As part of a recent hackathon I teamed up with Angel Borroy to connect Alfresco Community Edition with a couple of open source OCR applications. The project is available on GitHub. The two OCR applications chosen are OCRmyPDF (version 9.6.0+dfsg) and Apache Tika (version 1.24-full) (both based on Tesseract). OCRmyPDF also contains a number of other tools for cleaning up the PDF (in particular unpaper) and producing a searchable PDF that looks like the original document. Both tools allow for configuring Tesseract itself, but for these tests I've pretty much stuck to their out-of-the-box settings.
I chose to use the start of Alice's Adventures in Wonderland as the test text and ImageMagick to convert this into an image embedded in pdf files. ImageMagick features a large number of options allowing for image manipulation, to test how well the OCR tools coped.
To measure the accuracy of the OCR then I measured the Levenshtein distance between the input and output text. In theory this would be zero distance if the conversion was 100% accurate, but it can be particularly hard to accurately identify certain characters (e.g. whitespace). To get the text output from OCRmyPDF I used the --sidecar option.
I standardised on an A4 PDF at 300ppi with DejaVu Sans. This produced text that was unreadable at 1pt, but could easily be seen at 2pt. However the two OCR applications did not manage as well as a human, but got to their peak performance at about 4pt text. OCRmyPDF performed slightly better than Tika.
Graph showing OCR accuracy against font size
The Levenshtein distance for a 1pt font was the total number of characters in the source text, and pretty much acts as a limit in all the tests.
There are an almost unlimited number of fonts which we could test, but I decided to just compare different faces from the DejaVu family. There was very little difference in performance between the two applications in this test, and only a few characters difference between the various fonts.

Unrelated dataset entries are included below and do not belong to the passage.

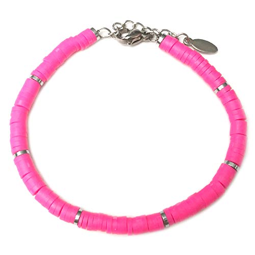 Beloved Bracciale Summer Vibes con rondelle in gomma colorate e dettagli in acciaio - regolabile fino a 20 cm con moschettone - Colori vivaci (Fucsia, Colore Silver)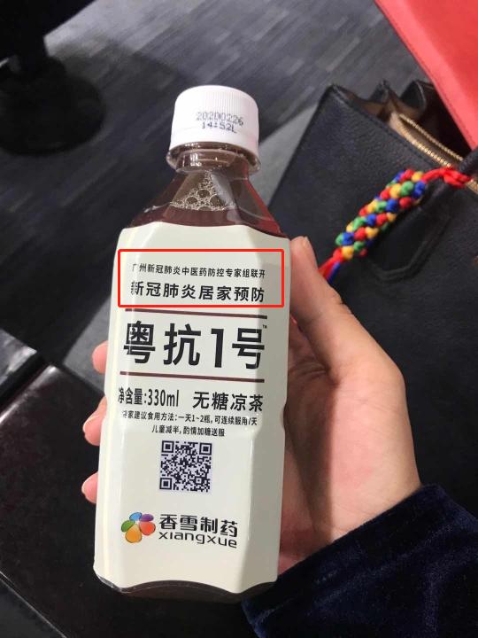 “‘粤抗1号’瓶装凉茶有居家预防疫情的作用。”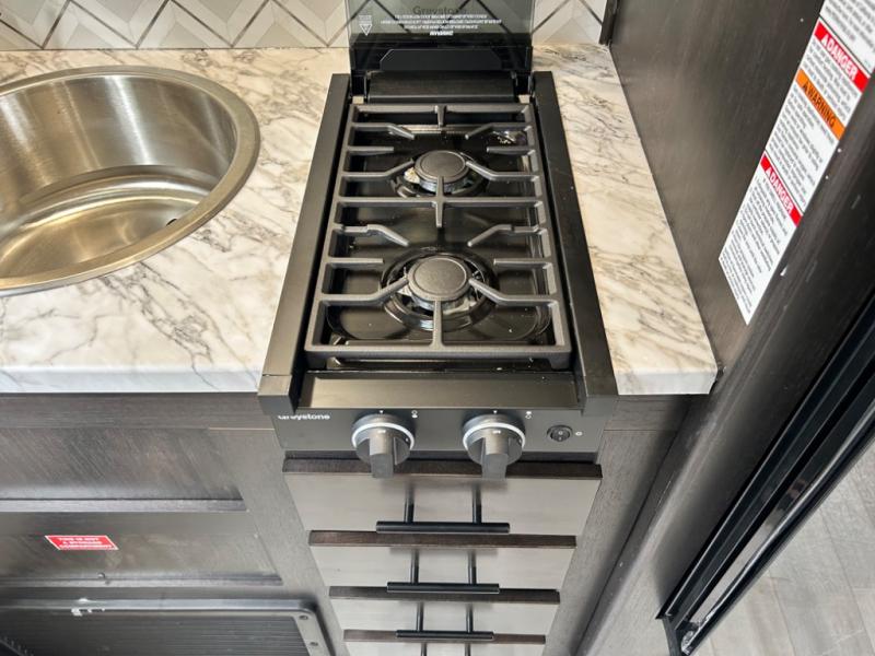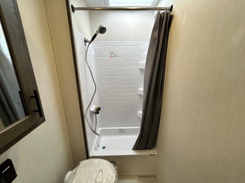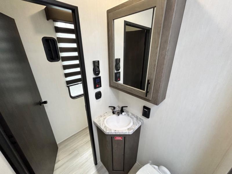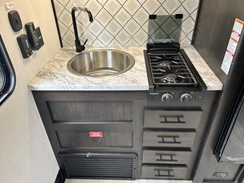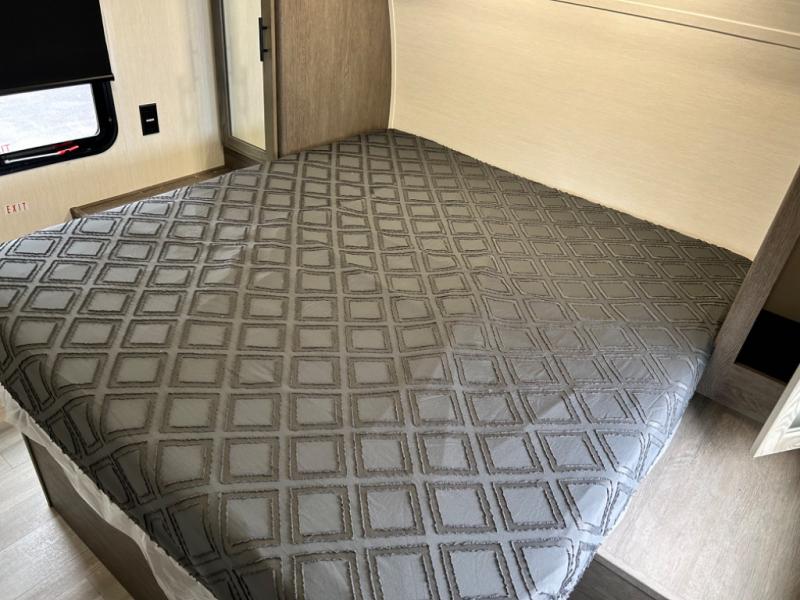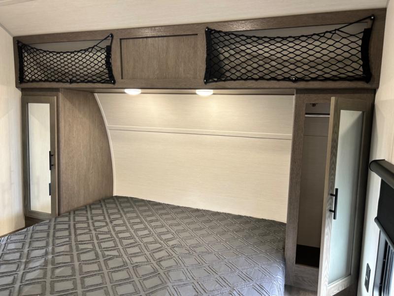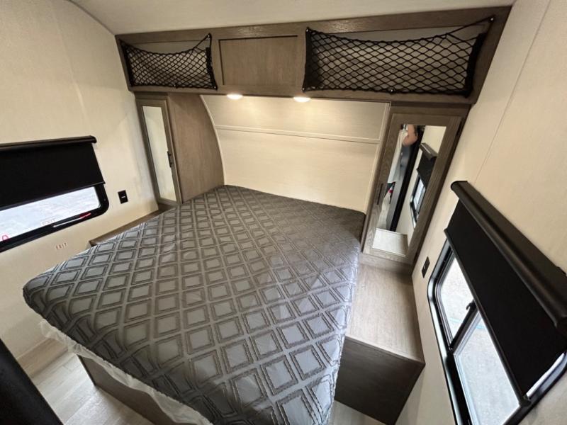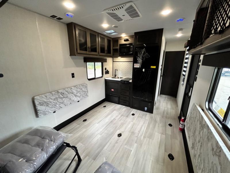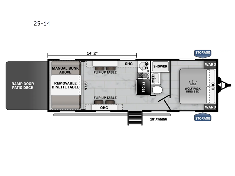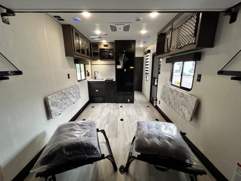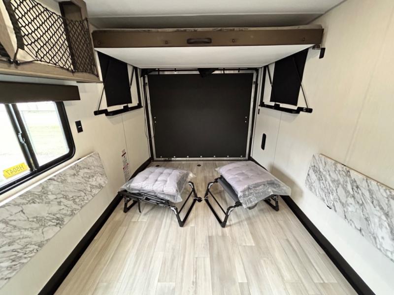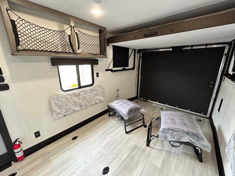 This model has a similar layout to 24-14.5, but you'll enjoy a larger exterior length and two flip-up tables instead of one! Since there is 14' 2" of total garage space, you can plan to bring along kayaks, bikes, and hiking gear galore. This model includes a removable dinette table with a manual bunk bed so your guests have a comfy place to sleep each night, while you take the Wolf Pack king bed in the front bedroom. There is also full bath and kitchen amenities so you'll have everything you need on each camping trip!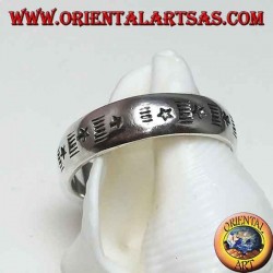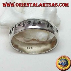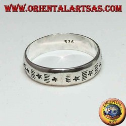 Anello in argento, a fedina con stelline e righi incisi alternati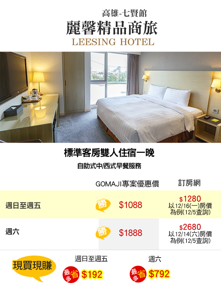 【高雄-麗馨精品商旅(七賢館)】感謝麻吉們熱烈搶購,已全數賣光光。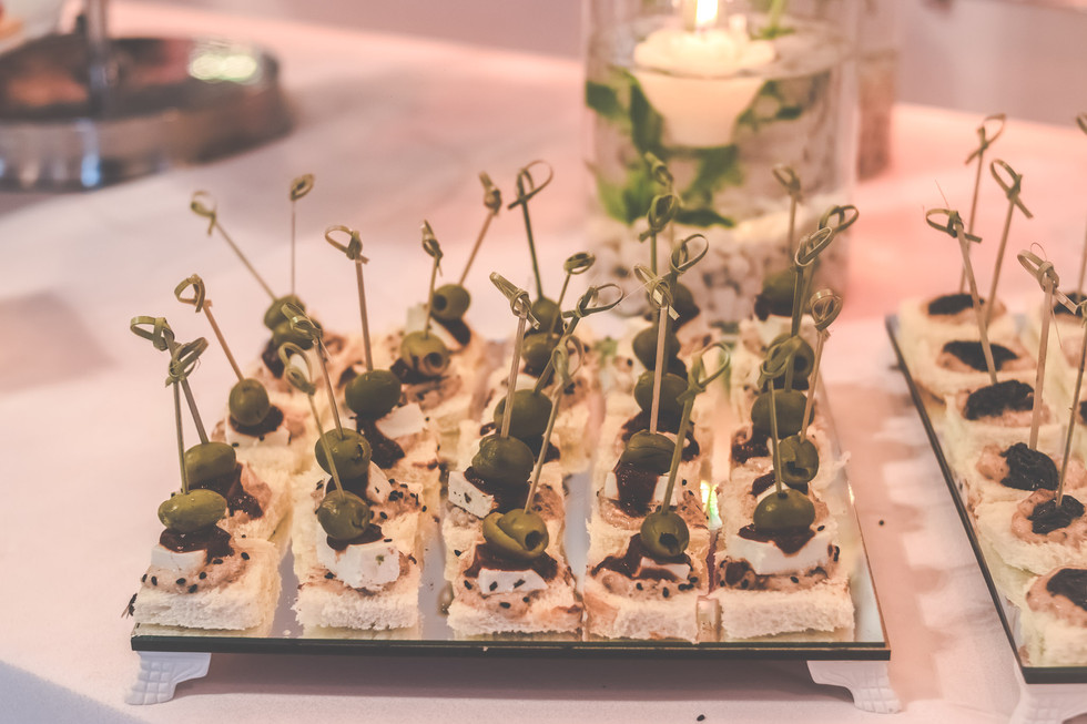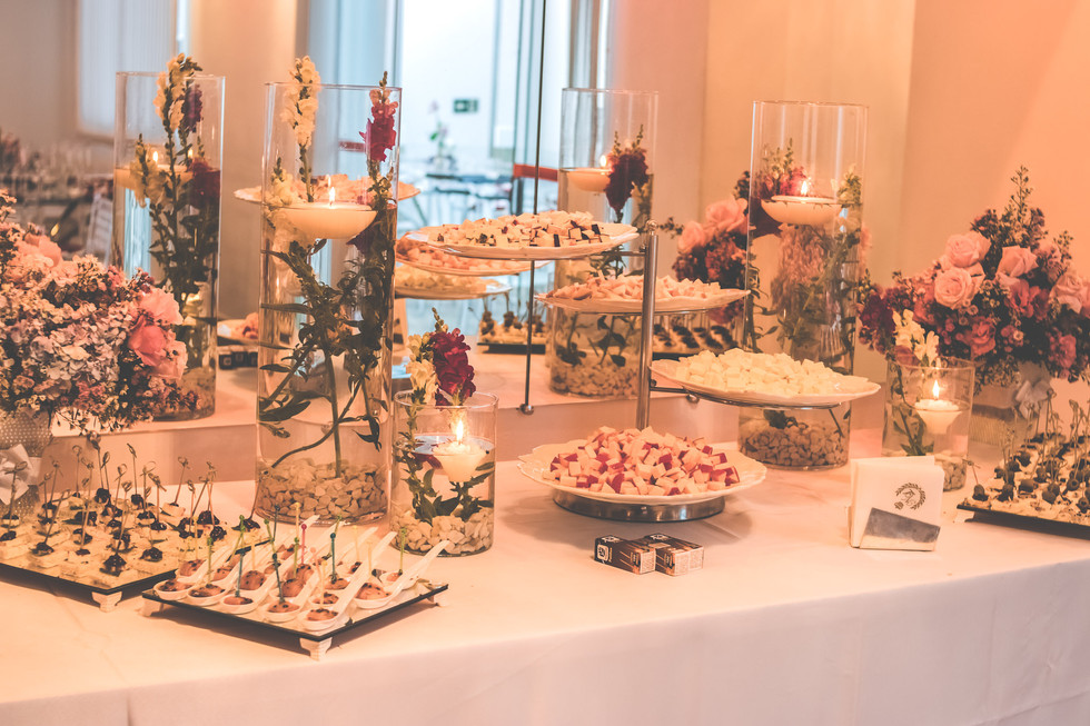 Também optamos por fazer uma mesa de antepastos, pra que além dos salgados finos e do jantar, nossos convidados pudessem estar sempre bem servidos. Para a mesa de antepastos escolhi canapés frios, alguns tipos de finguer foods, como ovo de codorna empanado no presunto de parma e redução de maracujá, super recomendo é delicioso. Também colocamos 8 variedades de queijos entre nacionais e importados.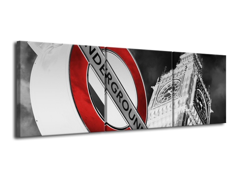 Canvas Schilderij Underground, Engeland | Grijs, Rood, Zwart | 120x40cm 3Luik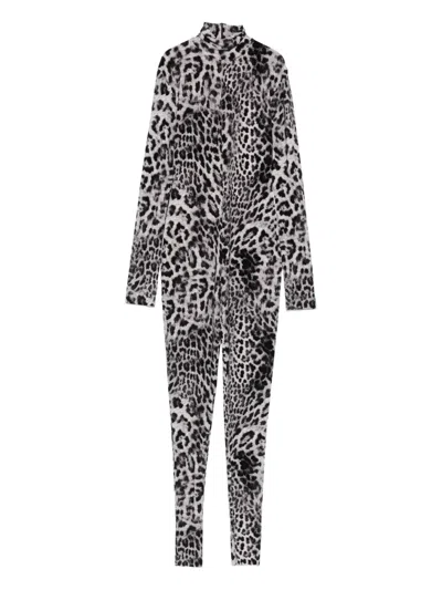 NORMA KAMALI Leopard-print Turtleneck Jumpsuit In Black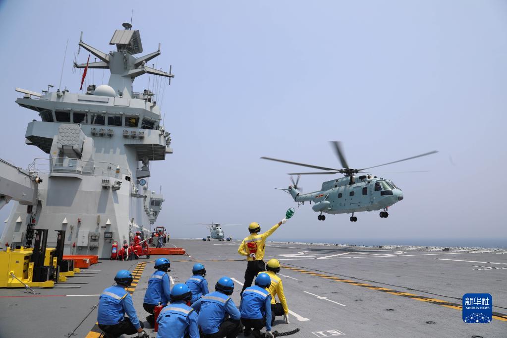 海南舰位南海某海域开展登陆演练,甲板引导员对直升机进行引导(资料照片)。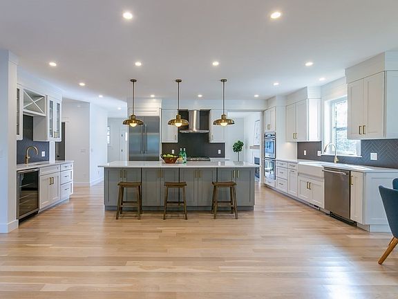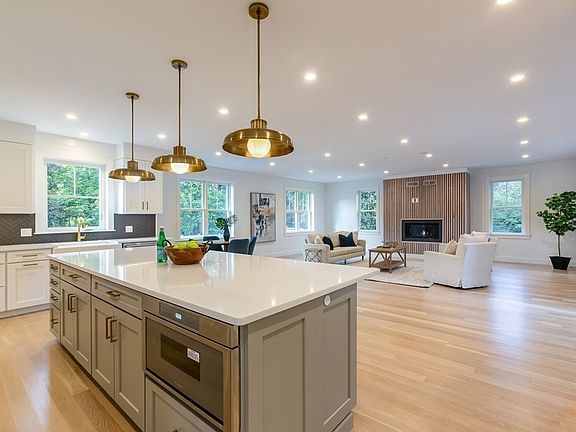 PRIME LOCATION, NEW CONSTRUCTION. This exquisite residence is situated in a highly desirable neighborhood in close proximity to the town center. Its welcoming expansive farmer's porch is adorned with dual sets of sliders. Cozy up on chilly nights with two fireplaces, including a stylish linear unit. Primary Suite boasts a walk-in closet and lavishly appointed designer bath with soaking tub. Two en-suite bedroom, one conveniently located on the main floor. WALK OUT lower level features a full bath, mudroom, a fitness area and a generous bonus room with high top seating and it opens up to a beautifully level backyard and patio, offering the perfect setting for outdoor enjoyment. Wired for EV charger. Open concept chef's kitchen boasts a spacious 10 ft island and walk in pantry. Wet bar is easily accessible from the great room & kitchen. This home with its oversized outdoor living, and open floor plan is taylor made for entertaining, just in time for the holidays.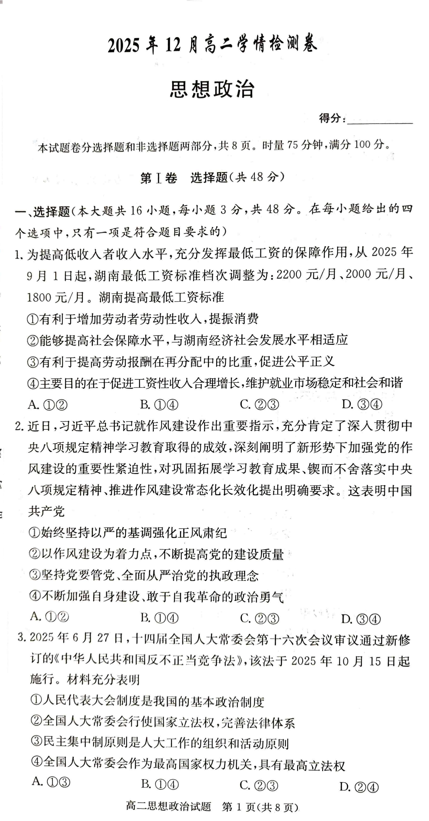 湖南省新高考教学教研联盟(长郡20校)2025年12月高二学情检测 政治.pdf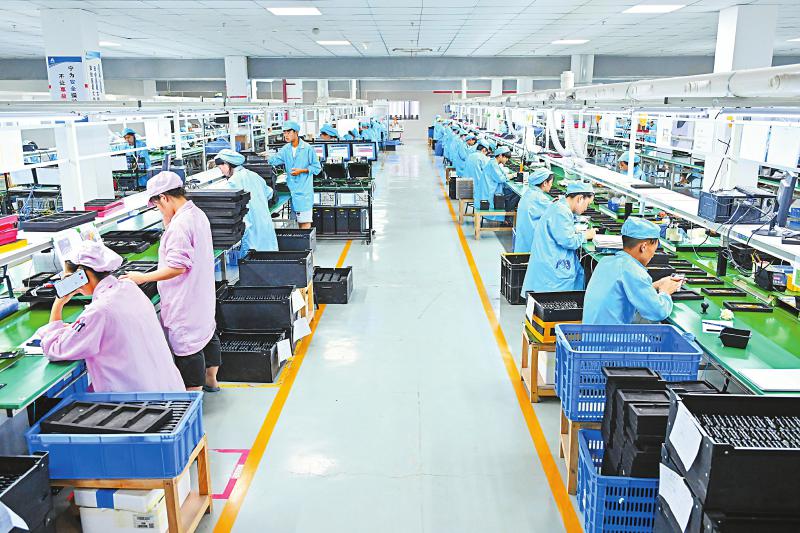 9月6日,在位于眉山市仁寿经济开发区的卓航电子科技有限公司手机组装车间内,工人们正在流水线上工作。连日来,眉山市仁寿经济开发区的各家企业加紧生产赶制订单,满足市场需求。同时,当地政府通过落实各项惠企政策,加大对企业的帮扶支持力度,促进产业高端化、智能化、数字化发展。 潘建勇 摄(C视觉)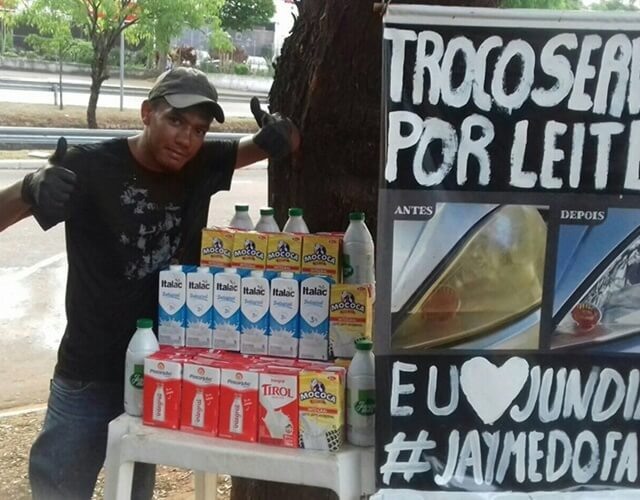 Neste domingo (27), Jayme promoveu mais uma ação solidária, mas desta vez para ajudar ONGs (Organizações Não Governamentais) da região. Ele trocou mão de obra por leite, ou outros tipos de donativos.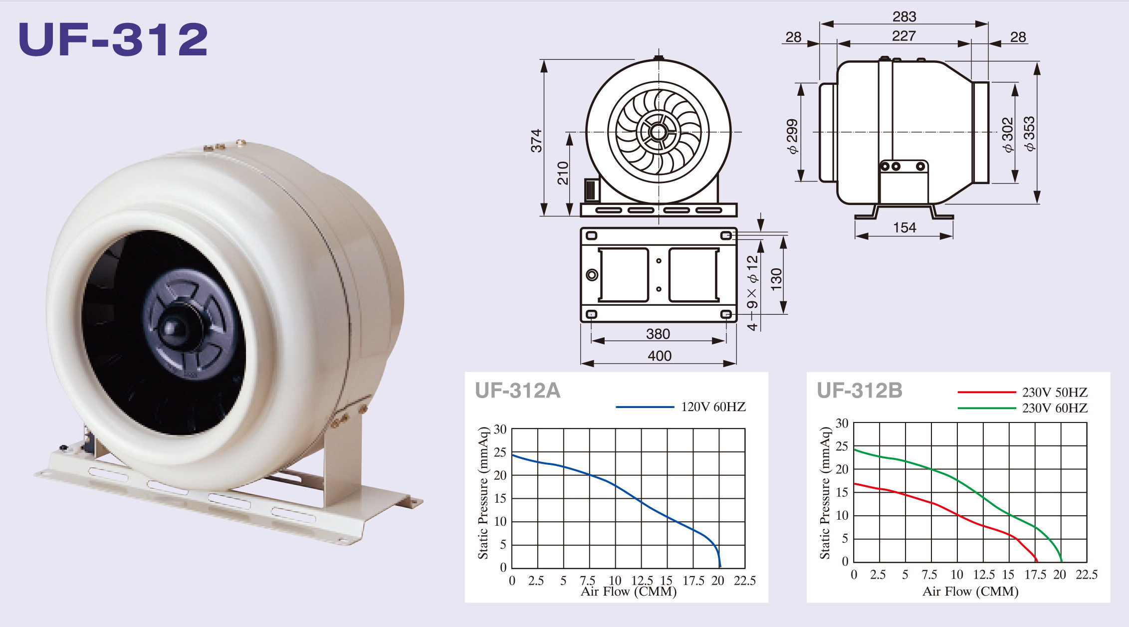 | UF-312H | 230 | 50 | 1 | 2 | 2060 | 375 | 2 | 27 | 59 | 67.5 | 13.4 |

Graph showing OCR accuracy against font face
It's fairly common for scanned documents or text in photos to be slightly skewed. Here I tested three configurations - the default OCRmyPDF settings, OCRmyPDF with --deskew and Apache Tika. OCRmyPDF also has a --rotate-pages option for when some pages in a pdf are landscape or upside down, but this only works for multiples of ninety degrees. We can see that the deskew option made a huge difference and allowed reading text up to six degrees from the verticle.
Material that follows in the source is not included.